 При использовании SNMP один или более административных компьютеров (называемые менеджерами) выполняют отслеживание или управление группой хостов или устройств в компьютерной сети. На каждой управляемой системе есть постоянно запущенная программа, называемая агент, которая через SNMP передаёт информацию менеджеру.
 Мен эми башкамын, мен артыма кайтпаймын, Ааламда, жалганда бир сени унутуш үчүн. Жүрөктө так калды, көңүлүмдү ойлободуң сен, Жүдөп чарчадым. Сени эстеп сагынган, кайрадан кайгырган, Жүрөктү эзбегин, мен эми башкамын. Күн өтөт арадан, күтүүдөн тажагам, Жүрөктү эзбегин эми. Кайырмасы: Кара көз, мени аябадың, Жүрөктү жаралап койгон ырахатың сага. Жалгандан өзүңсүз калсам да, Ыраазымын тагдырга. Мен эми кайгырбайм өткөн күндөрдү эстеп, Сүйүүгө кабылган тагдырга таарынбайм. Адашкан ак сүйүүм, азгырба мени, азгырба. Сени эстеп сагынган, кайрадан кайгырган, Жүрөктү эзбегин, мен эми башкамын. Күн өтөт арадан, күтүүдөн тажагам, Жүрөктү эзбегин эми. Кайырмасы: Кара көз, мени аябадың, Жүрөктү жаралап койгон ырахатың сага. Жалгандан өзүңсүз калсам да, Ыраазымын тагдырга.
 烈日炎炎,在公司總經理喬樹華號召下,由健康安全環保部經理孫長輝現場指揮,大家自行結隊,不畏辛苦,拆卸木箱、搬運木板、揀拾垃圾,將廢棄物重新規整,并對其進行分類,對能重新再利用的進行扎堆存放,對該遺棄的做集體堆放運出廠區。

--

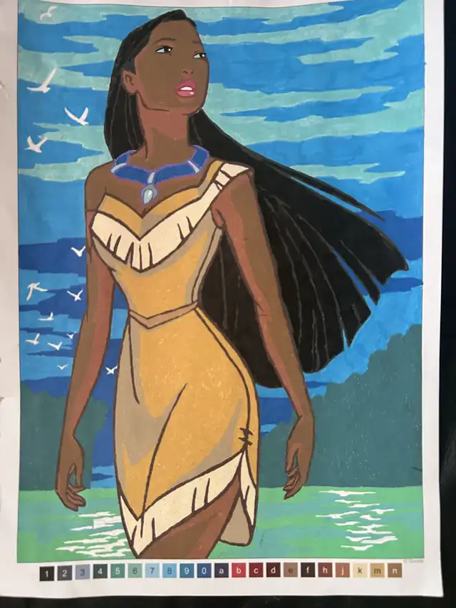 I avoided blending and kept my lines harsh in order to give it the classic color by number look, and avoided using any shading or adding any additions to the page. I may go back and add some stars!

● Assignment
Going back over the entries above, copy word for word every line from the one that has "Мен эми башкамын, мен" on through the one that has "烈日炎炎,在公司總經理喬樹華".

● Completed task
 Мен эми башкамын, мен артыма кайтпаймын, Ааламда, жалганда бир сени унутуш үчүн. Жүрөктө так калды, көңүлүмдү ойлободуң сен, Жүдөп чарчадым. Сени эстеп сагынган, кайрадан кайгырган, Жүрөктү эзбегин, мен эми башкамын. Күн өтөт арадан, күтүүдөн тажагам, Жүрөктү эзбегин эми. Кайырмасы: Кара көз, мени аябадың, Жүрөктү жаралап койгон ырахатың сага. Жалгандан өзүңсүз калсам да, Ыраазымын тагдырга. Мен эми кайгырбайм өткөн күндөрдү эстеп, Сүйүүгө кабылган тагдырга таарынбайм. Адашкан ак сүйүүм, азгырба мени, азгырба. Сени эстеп сагынган, кайрадан кайгырган, Жүрөктү эзбегин, мен эми башкамын. Күн өтөт арадан, күтүүдөн тажагам, Жүрөктү эзбегин эми. Кайырмасы: Кара көз, мени аябадың, Жүрөктү жаралап койгон ырахатың сага. Жалгандан өзүңсүз калсам да, Ыраазымын тагдырга.
 烈日炎炎,在公司總經理喬樹華號召下,由健康安全環保部經理孫長輝現場指揮,大家自行結隊,不畏辛苦,拆卸木箱、搬運木板、揀拾垃圾,將廢棄物重新規整,并對其進行分類,對能重新再利用的進行扎堆存放,對該遺棄的做集體堆放運出廠區。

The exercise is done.